▶ [TASK BRIEF]: Exactly the lines below from the line with "血行を良くするために実践して" through the line with "La comparsa de" must make up the answer, both ends included and pictures left out.

━━ DATASET RECORDS

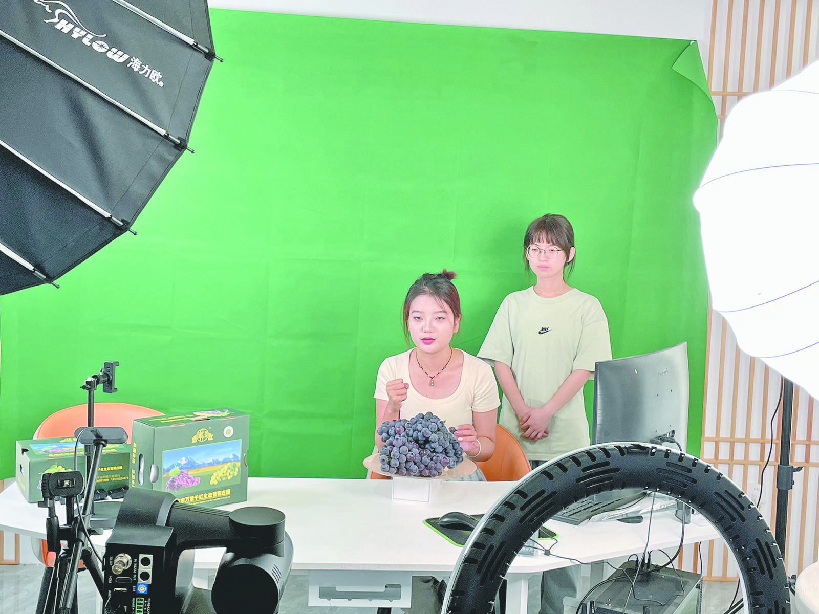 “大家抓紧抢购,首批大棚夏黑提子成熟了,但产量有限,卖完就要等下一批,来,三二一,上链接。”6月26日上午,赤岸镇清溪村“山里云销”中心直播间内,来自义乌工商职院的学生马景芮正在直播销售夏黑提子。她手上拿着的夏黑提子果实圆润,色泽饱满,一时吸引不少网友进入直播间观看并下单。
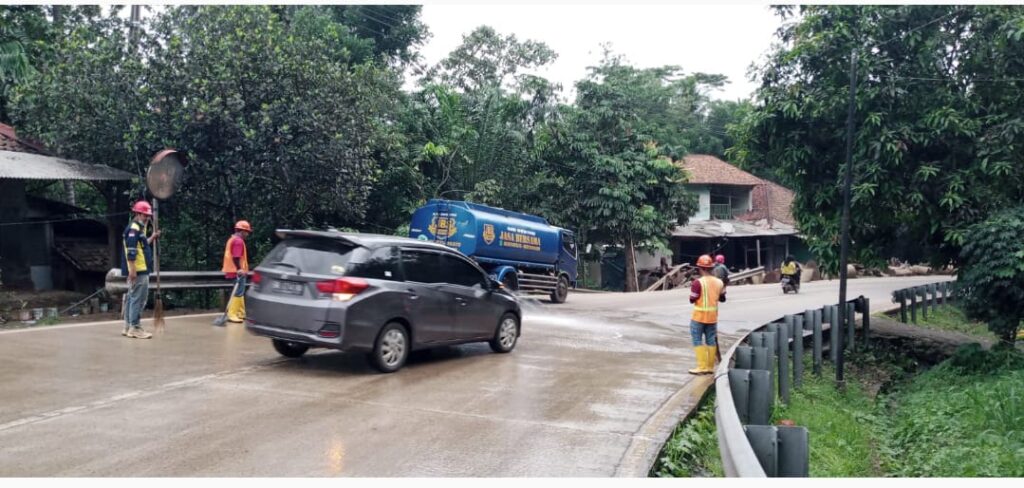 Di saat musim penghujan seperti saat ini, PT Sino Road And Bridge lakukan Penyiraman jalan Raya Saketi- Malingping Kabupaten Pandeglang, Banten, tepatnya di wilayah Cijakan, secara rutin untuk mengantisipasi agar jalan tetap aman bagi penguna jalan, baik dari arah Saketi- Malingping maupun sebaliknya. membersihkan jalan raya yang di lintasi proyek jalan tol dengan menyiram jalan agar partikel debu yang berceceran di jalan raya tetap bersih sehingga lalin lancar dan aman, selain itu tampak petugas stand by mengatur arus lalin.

━━━━
━━ DATASET RECORDS

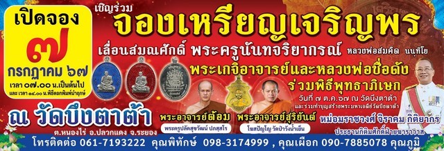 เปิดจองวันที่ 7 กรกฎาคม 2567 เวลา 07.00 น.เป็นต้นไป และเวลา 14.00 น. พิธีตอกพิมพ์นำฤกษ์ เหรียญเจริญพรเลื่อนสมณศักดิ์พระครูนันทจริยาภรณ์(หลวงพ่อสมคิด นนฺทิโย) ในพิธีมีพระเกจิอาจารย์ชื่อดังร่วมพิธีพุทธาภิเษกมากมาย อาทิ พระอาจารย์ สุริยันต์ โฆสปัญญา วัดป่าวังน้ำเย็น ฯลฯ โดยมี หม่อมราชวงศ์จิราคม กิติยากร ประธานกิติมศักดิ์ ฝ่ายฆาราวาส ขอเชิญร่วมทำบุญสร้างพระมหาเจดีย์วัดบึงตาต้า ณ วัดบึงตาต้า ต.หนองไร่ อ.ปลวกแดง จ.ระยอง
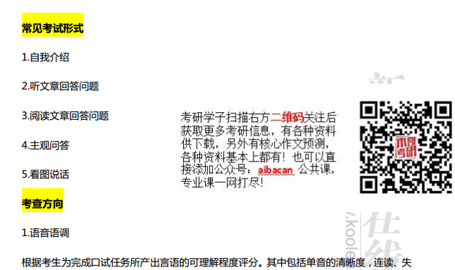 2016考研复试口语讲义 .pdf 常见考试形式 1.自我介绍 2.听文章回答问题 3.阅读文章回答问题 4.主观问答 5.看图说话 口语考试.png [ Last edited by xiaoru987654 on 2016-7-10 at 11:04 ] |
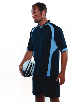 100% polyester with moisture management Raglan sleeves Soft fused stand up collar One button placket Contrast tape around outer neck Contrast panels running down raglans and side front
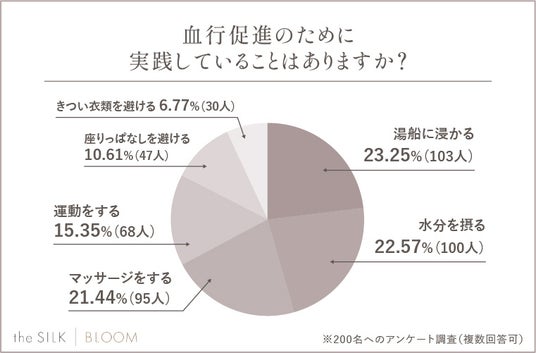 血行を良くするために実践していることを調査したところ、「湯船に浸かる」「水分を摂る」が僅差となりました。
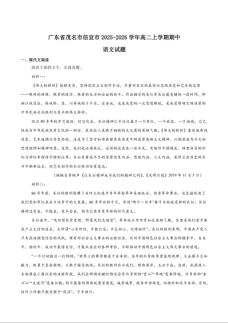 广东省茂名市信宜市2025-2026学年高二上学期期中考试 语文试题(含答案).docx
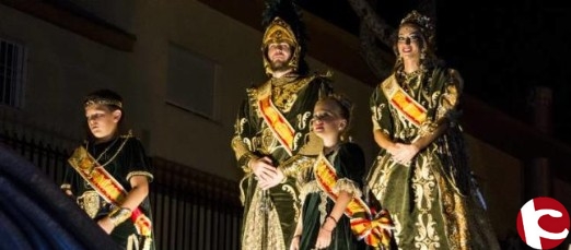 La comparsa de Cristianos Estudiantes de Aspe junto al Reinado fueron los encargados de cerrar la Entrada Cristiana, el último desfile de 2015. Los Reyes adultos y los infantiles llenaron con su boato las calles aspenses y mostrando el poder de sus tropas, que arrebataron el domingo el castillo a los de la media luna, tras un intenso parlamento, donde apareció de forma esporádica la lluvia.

━━━━

▶ [RESPONSE]:
 血行を良くするために実践していることを調査したところ、「湯船に浸かる」「水分を摂る」が僅差となりました。
 广东省茂名市信宜市2025-2026学年高二上学期期中考试 语文试题(含答案).docx
 La comparsa de Cristianos Estudiantes de Aspe junto al Reinado fueron los encargados de cerrar la Entrada Cristiana, el último desfile de 2015. Los Reyes adultos y los infantiles llenaron con su boato las calles aspenses y mostrando el poder de sus tropas, que arrebataron el domingo el castillo a los de la media luna, tras un intenso parlamento, donde apareció de forma esporádica la lluvia.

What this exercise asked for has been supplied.